◆ WHAT YOU SHOULD DO ◆
For this exercise, write out only the lines of the entries below from the one with "The kitchen is" up to and including the one with "操控防御塔攻击行进路线上的敌人,清除当前波次的敌方单位,积累资源。", exactly as they are. Pictures stay out.

◆ EXCERPTED RECORDS ◆
--- START ---
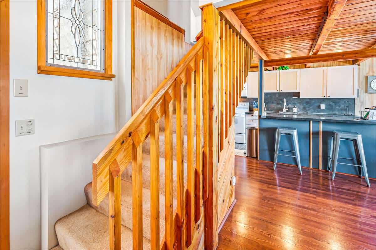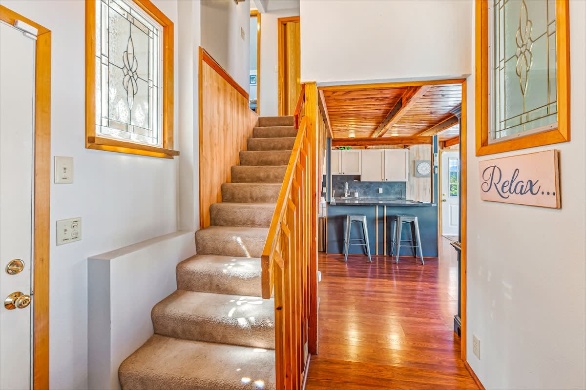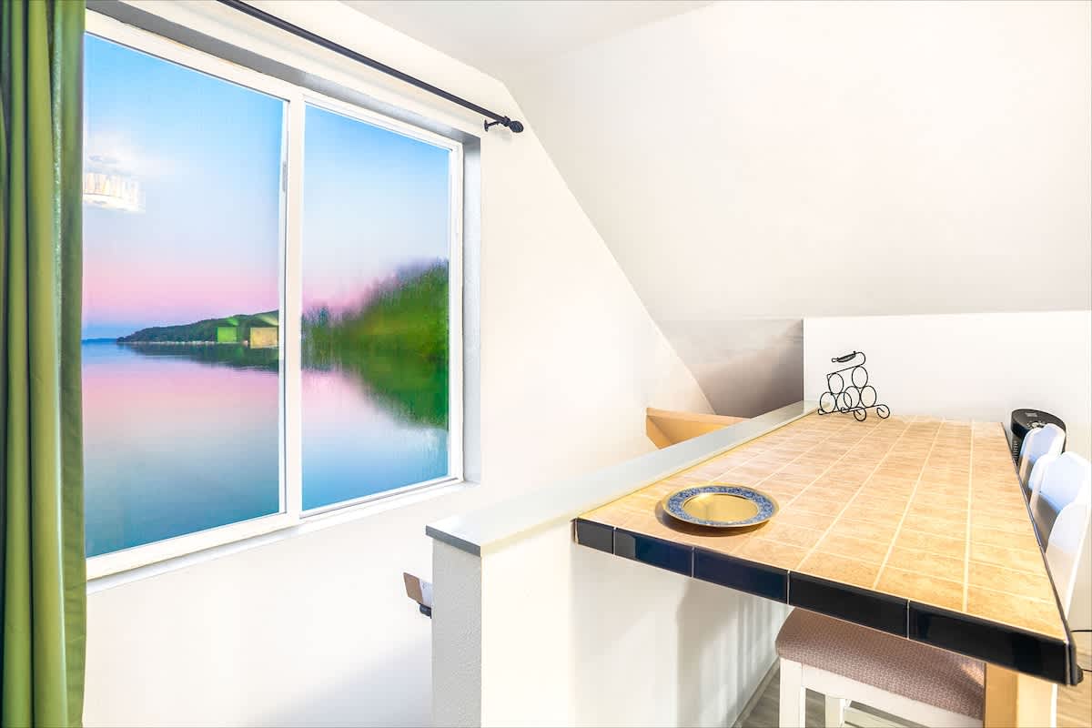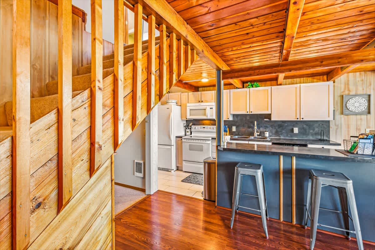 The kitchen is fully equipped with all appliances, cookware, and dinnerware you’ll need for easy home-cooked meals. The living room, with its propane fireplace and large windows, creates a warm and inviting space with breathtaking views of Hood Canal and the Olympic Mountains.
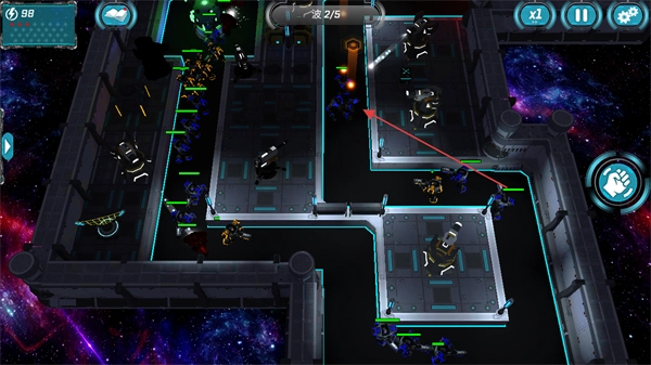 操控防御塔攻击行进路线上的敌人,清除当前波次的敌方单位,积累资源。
--- END ---
--- START ---
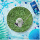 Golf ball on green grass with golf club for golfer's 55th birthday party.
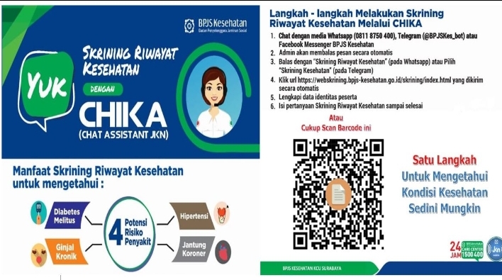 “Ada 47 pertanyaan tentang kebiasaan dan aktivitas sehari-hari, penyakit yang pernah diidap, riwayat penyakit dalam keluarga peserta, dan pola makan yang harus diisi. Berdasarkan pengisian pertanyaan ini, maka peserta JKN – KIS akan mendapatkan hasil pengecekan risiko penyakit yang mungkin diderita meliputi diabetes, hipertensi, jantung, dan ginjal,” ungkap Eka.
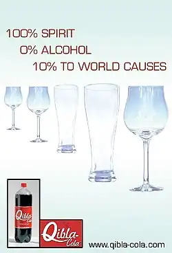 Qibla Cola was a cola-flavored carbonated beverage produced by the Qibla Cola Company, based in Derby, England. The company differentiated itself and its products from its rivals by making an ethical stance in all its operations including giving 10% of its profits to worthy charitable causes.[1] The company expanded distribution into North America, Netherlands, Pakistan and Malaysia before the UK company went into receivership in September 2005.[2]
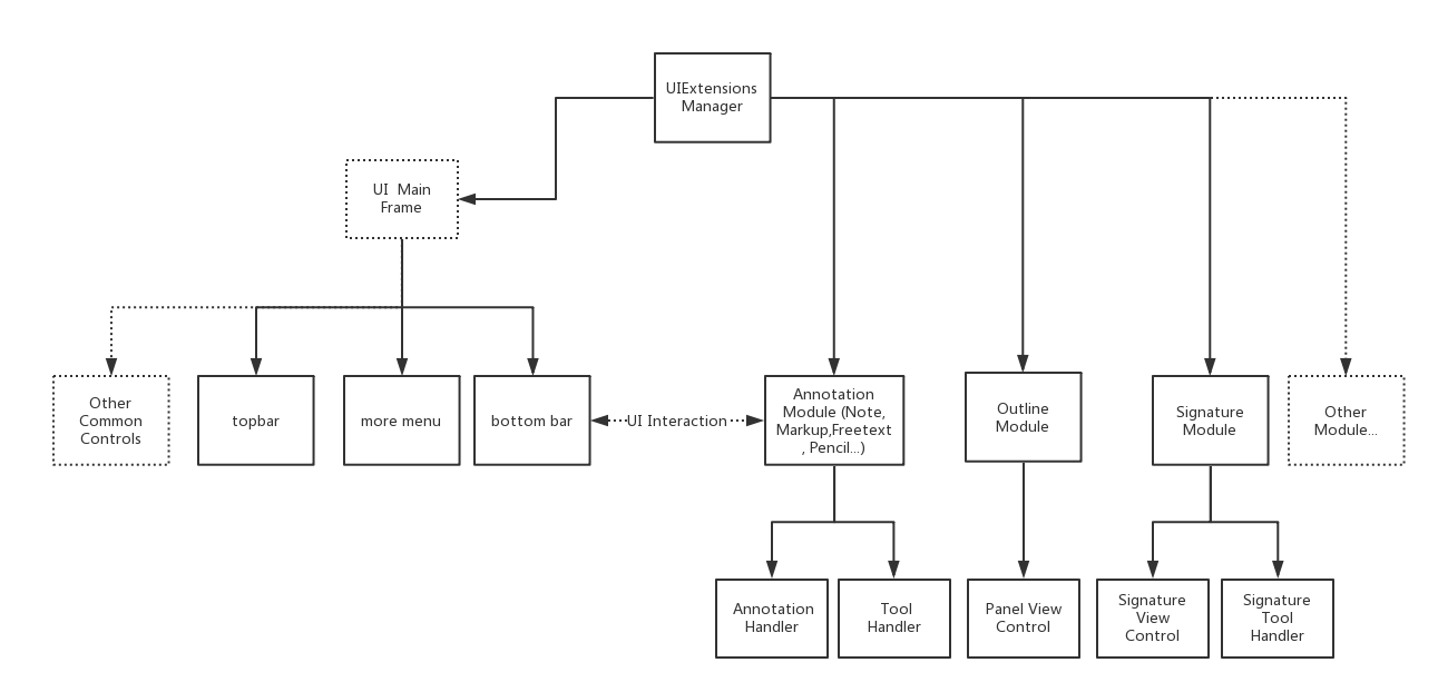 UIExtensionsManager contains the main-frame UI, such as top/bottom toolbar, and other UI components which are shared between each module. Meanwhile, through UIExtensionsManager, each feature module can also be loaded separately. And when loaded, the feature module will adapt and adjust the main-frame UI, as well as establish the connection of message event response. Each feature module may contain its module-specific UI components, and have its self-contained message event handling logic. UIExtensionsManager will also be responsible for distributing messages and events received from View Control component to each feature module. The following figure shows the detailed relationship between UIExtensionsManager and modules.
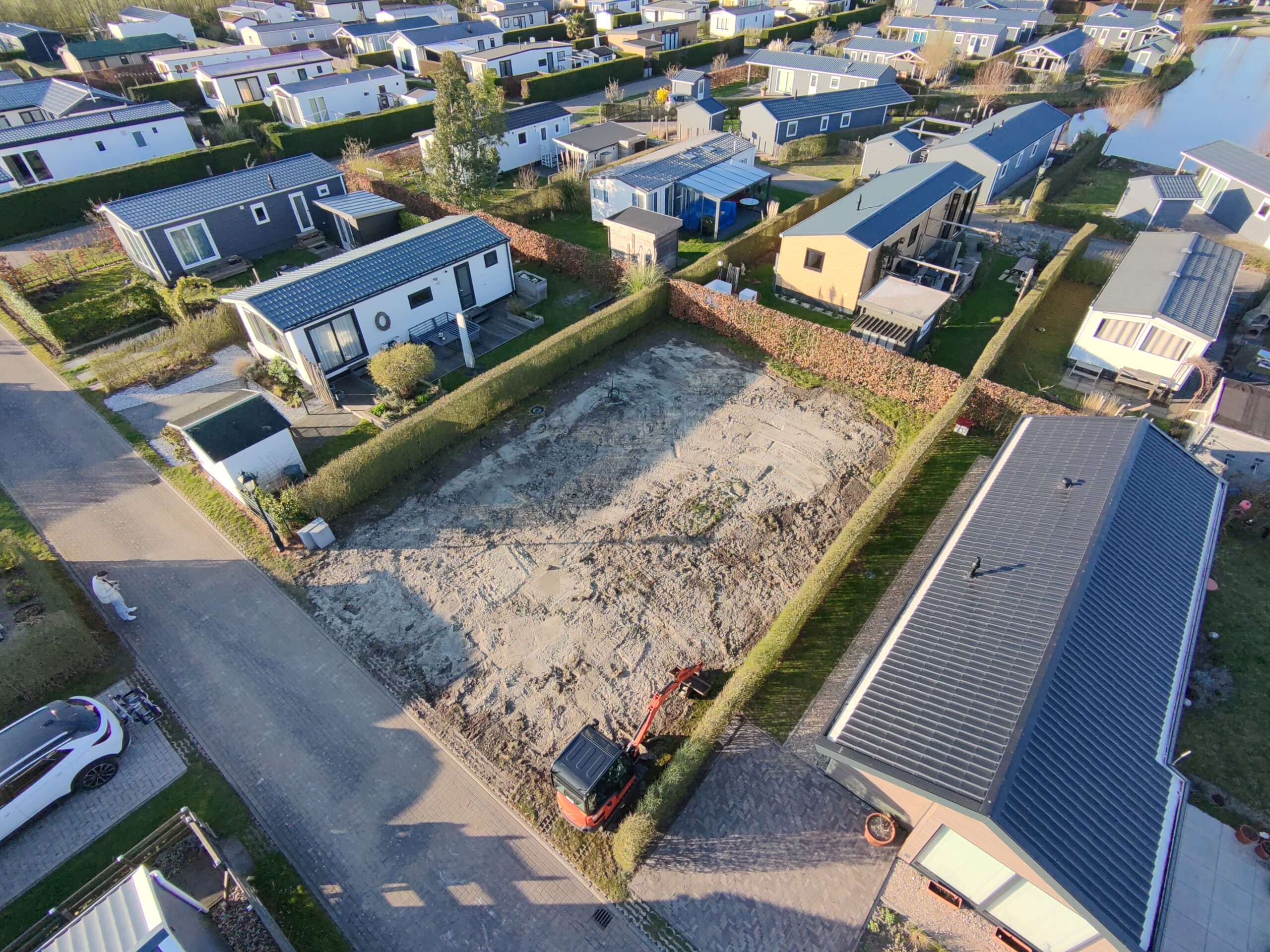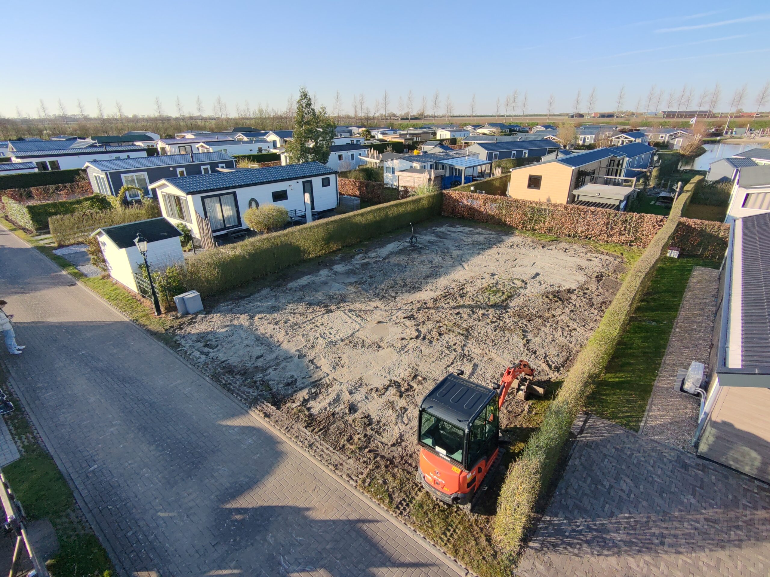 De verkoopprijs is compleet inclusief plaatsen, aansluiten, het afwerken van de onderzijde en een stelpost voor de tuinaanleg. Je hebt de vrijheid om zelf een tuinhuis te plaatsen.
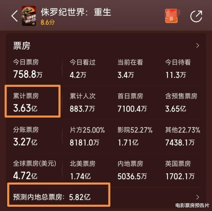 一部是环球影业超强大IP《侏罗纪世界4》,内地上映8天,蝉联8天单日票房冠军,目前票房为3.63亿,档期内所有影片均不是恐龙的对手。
--- END ---
◆ SOLVED PROBLEM ◆
 The kitchen is fully equipped with all appliances, cookware, and dinnerware you’ll need for easy home-cooked meals. The living room, with its propane fireplace and large windows, creates a warm and inviting space with breathtaking views of Hood Canal and the Olympic Mountains.
 操控防御塔攻击行进路线上的敌人,清除当前波次的敌方单位,积累资源。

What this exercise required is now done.